XRD and XRR data were collected using a Rigaku Smartlab X-Ray diffractometer equipped with a 3 kW source producing a wavelength CuKα1 (λ = 1.540593(2)Å) via a Ge(220) double bounce monochromator. The step size used in these measurements was 0.01 degrees and the range was 20–70 degrees at a rate of 0.6 degrees/minute. The FeRh lattice constant was calculated from the positions of the peaks in the XRD spectra and compared to the bulk value in order to calculate the average lattice strain and hence determine the quality of the growth. The XRR measurements were performed over the range 0–8 deg. with a step size of 0.01 deg. and a rate of 0.0078 min−1. The data were fitted using a Fresnel approach and Parratt algorithm via GenX reflectivity package26.

Scanning probe analysis

Atomic and Magnetic force microscopy was used to investigate the surface topography and local magnetisation of continuous films and patterned nanowires. These measurements were taken on a Bruker Dimension Icon instrument in tapping mode, which allowed high spatial resolution imaging of the FeRh surface using Bruker MESP probes with a tip radius of ~35 nm. The images shown in this study were collected over a 5 × 5 μm area at a resolution of 512 × 512 pixels with a scan frequency of 1 Hz and lift height of 40 nm.

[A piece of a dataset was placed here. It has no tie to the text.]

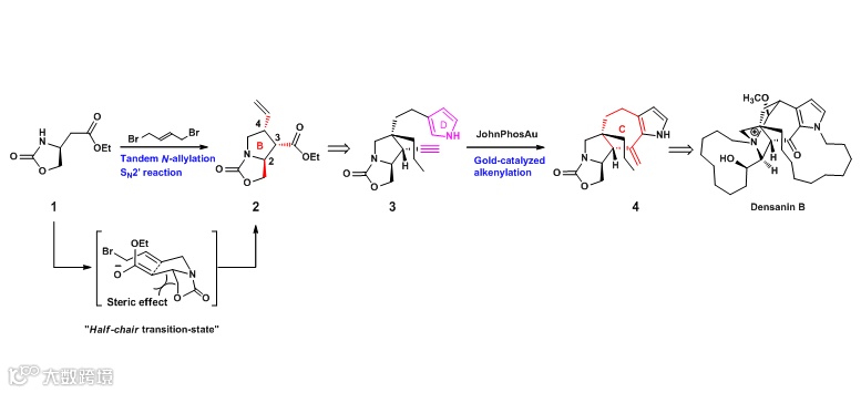 近日,陕西师范大学小分子探针团队的杨俊教授课题组首次报道了densanins BCD 三环母核的合成。以手性化合物1为起始原料,通过N-烯丙基化-SN2'串联反应高效、立体选择性的合成了吡咯烷B环。随后,利用酯基α-位烷基化构建了C-4位季碳中心,通过3-碘吡咯与末端炔发生Sonogashira偶联完成吡咯环D的组装。最后,采用金催化的芳烯化反应构建了七元C环。该策略为这类天然产物全合成的实现和进一步的药物化学研究打下坚实的基础。

In order to directly image the FeRh phase transition temperature dependent magnetic force microscopy (MFM) studies were performed. Temperature sweeps were undertaken by placing the sample on a Bruker Dimension High Temperature Heater stage with a range of 283 K–523 K. The temperature of the stage was measured using an embedded thermocouple close to, but not precisely at, the sample position. Prior to measurement a temperature calibration was performed but this calibration does not fully account for the thermal gradient across the substrate and introduces some small additional uncertainty in sample temperature reported.

Data processing was used to flatten and subtract background planes from the data as normal for any scanning probe microscope based on a tube scanner. The corrected images for each scan were processed using Adobe Photoshop. At each temperature, the areas of FM phase were traced and filled. After correcting for slight image misalignments in scan locations the filled areas were overlaid to create the heat maps.